1107-1 Lecture: Trans-Atlantic Intertextualities in Anglo-American Fiction
Wednesday, 1-3 pm, HSG HS 5
J. Ronthaler & E. Schenkel (Institut für Anglistik)
The lecture this time will concentrate on selected literary influences that criss-cross the Atlantic Ocean between the two countries. Starting with a historical survey and following historical developments Elmar Schenkel and Jürgen Ronthaler will alternate in a loose sequence in reflecting about various representative phenomena that shaped both literatures and cultures. We will discuss W. Irving, Trancendentalism and E.A. Poe, will consider Ch. Dickens, A. Trollope, H. James, Sir A.C. Doyle and E. Hemingway, and we will deal with Mark Twain as a Traveller and as an author of children’s and adolescent fiction. Furthermore detective fiction, poetry and science in Anglo-American fiction will be investigated.

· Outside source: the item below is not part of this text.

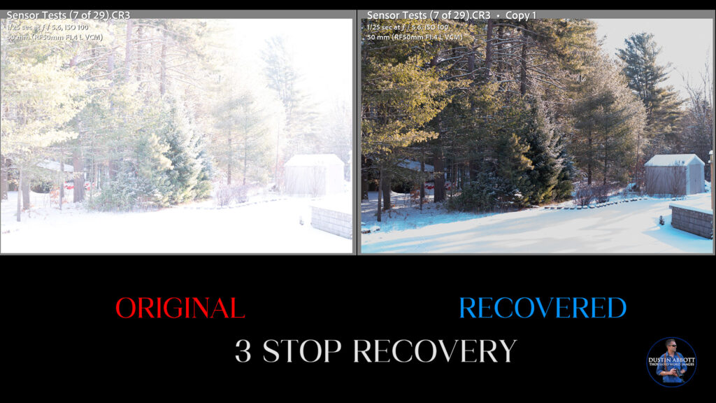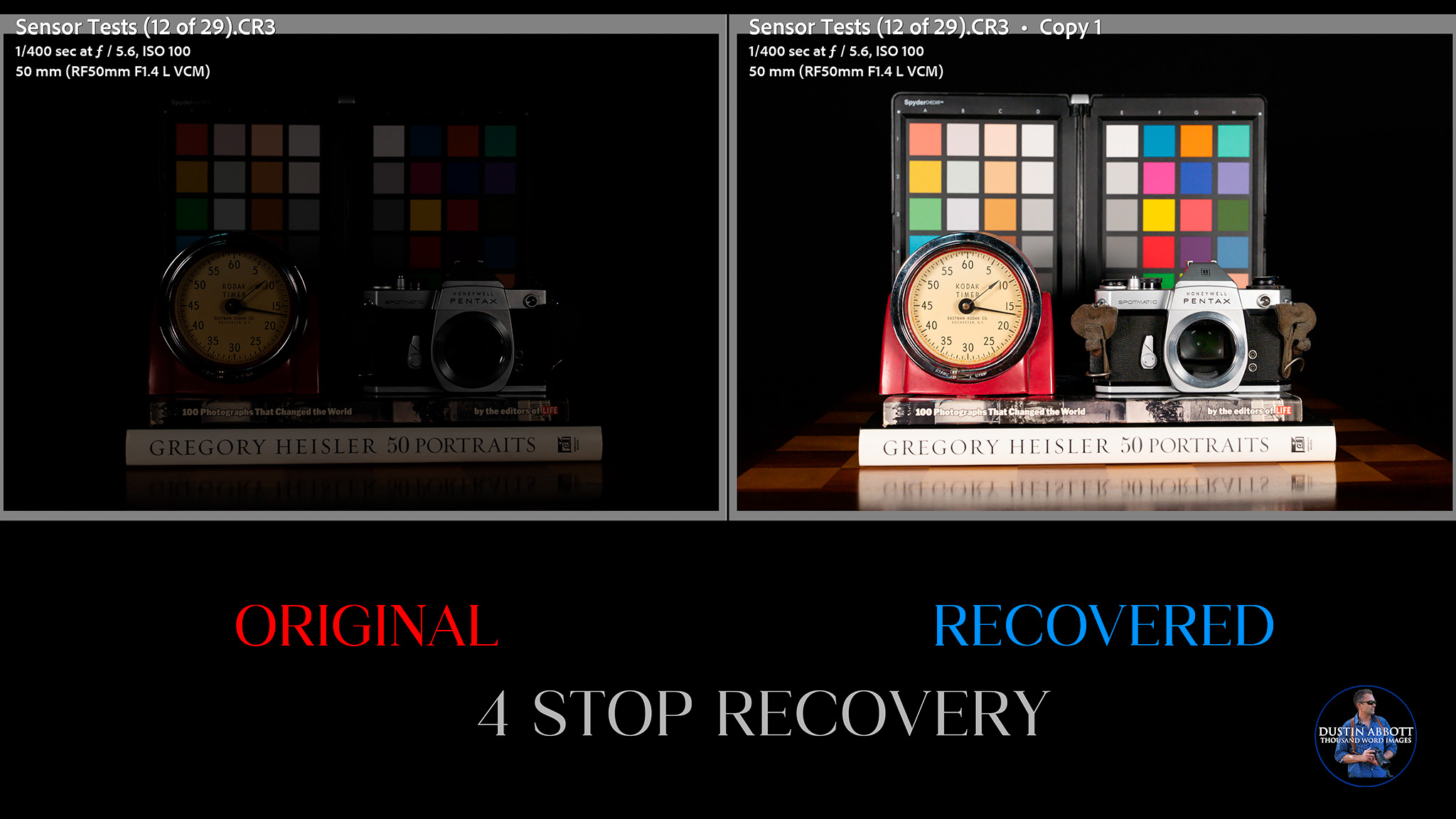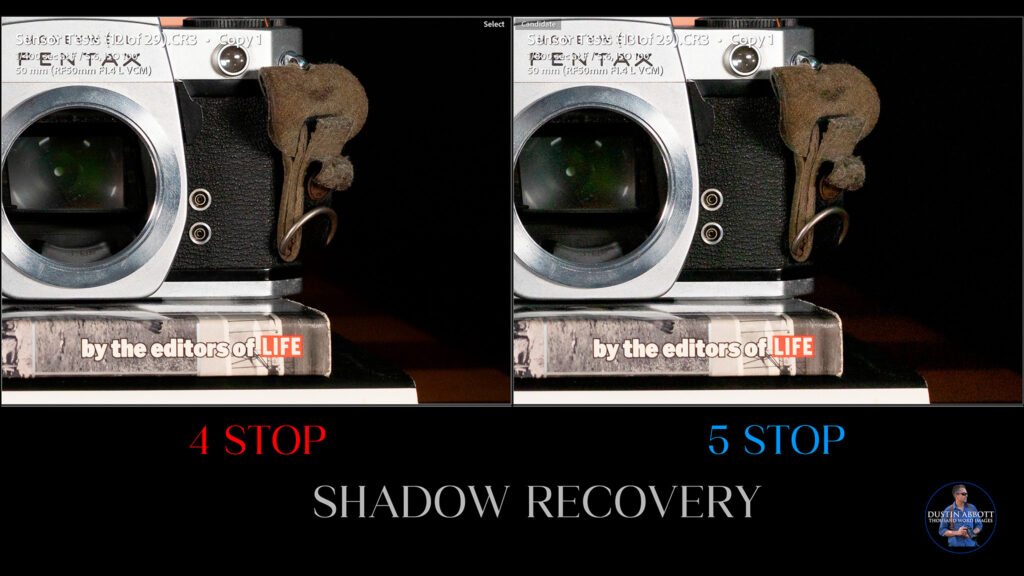 We find the limit between 4 and 5 stops, however, where I start to see the familiar signs of things falling apart. It’s not bad, but I see additional noise in terms of both “grain” and some color blotchiness. You can see how clean the 4-stop recovery on the left is relative to the 5-stop recovery on the right.

A list with the programme will be available at the beginning of the term.
1107-2a [English] Into the Wilderness: Contemporary Canadian Literature
Monday, 9-11 am, NSG 322
S. Welz (Institut für Anglistik)
Literatur:
Margaret Atwood: Cat’s Eye (1988); Rudy Wiebe: A Discovery of Strangers (1994); Yann Martel: Life of Pi (2002); Alice Munro: Selected Short Stories
Begleitende Literatur: The Cambridge Companion to Canadian Literature. Cambridge University Press, 2004.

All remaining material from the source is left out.